> _Task requirements_:
Restate every line of the material below word for word, skipping the images.

(Dataset excerpt)

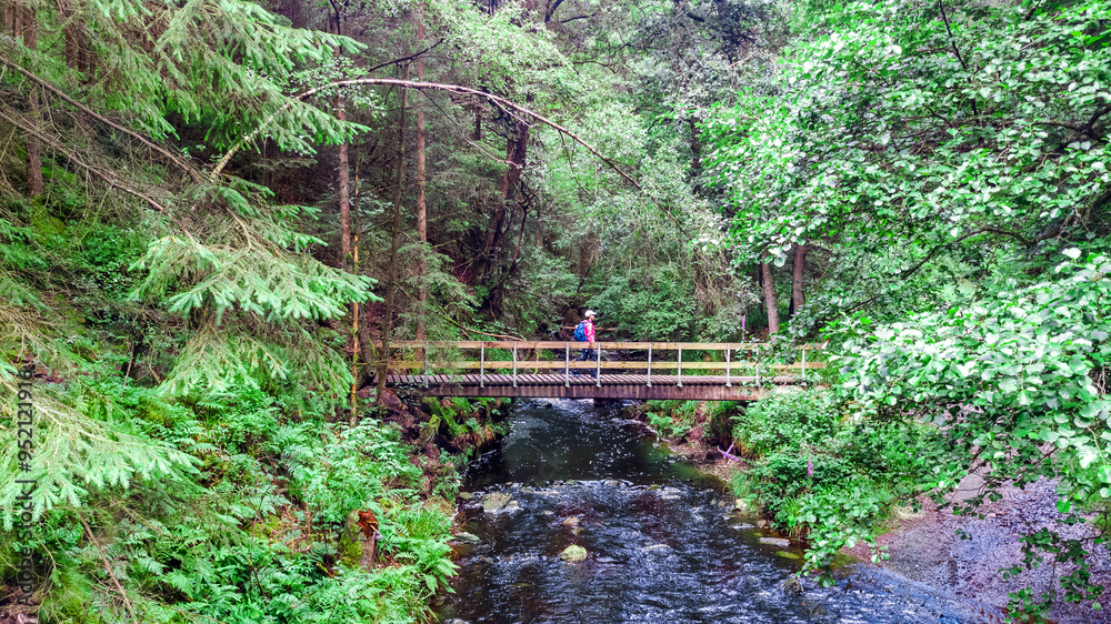 Traveler woman with backpack hiking, hiker crosses wooden bridge in forest trail in Ardennes, Belgium
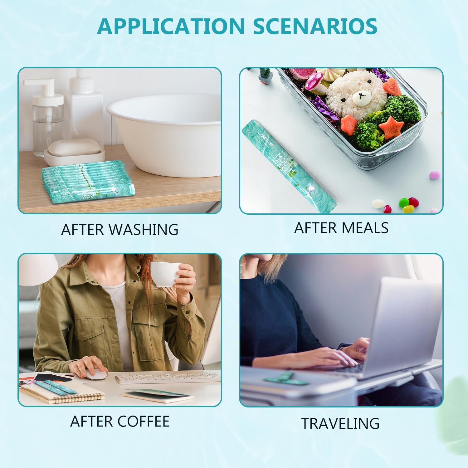 - Compact Travel Size: CAREFOR mouthwash comes in a mini travel size making it easy to carry. These small, individual packets fit perfectly in your pocket, purse, or carry-on luggage, ensuring fresh breath is always within reach.
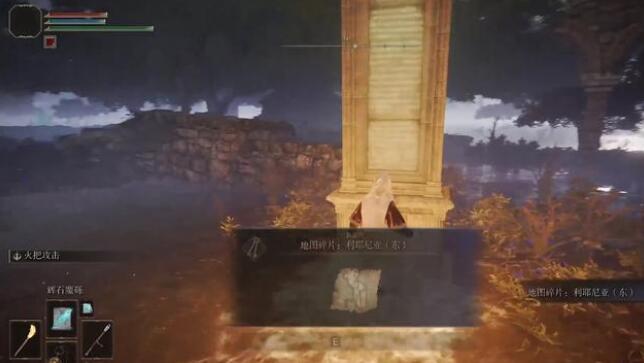 8、找到学院门前镇赐福点,石碑旁边,获得【地图碎片:利耶尼亚(北)】,开启新地图。(拉斯卡废墟赐福点,要去激活,后面有用)

(End Dataset excerpt)

> _Answer section_:
 Traveler woman with backpack hiking, hiker crosses wooden bridge in forest trail in Ardennes, Belgium
 - Compact Travel Size: CAREFOR mouthwash comes in a mini travel size making it easy to carry. These small, individual packets fit perfectly in your pocket, purse, or carry-on luggage, ensuring fresh breath is always within reach.
 8、找到学院门前镇赐福点,石碑旁边,获得【地图碎片:利耶尼亚(北)】,开启新地图。(拉斯卡废墟赐福点,要去激活,后面有用)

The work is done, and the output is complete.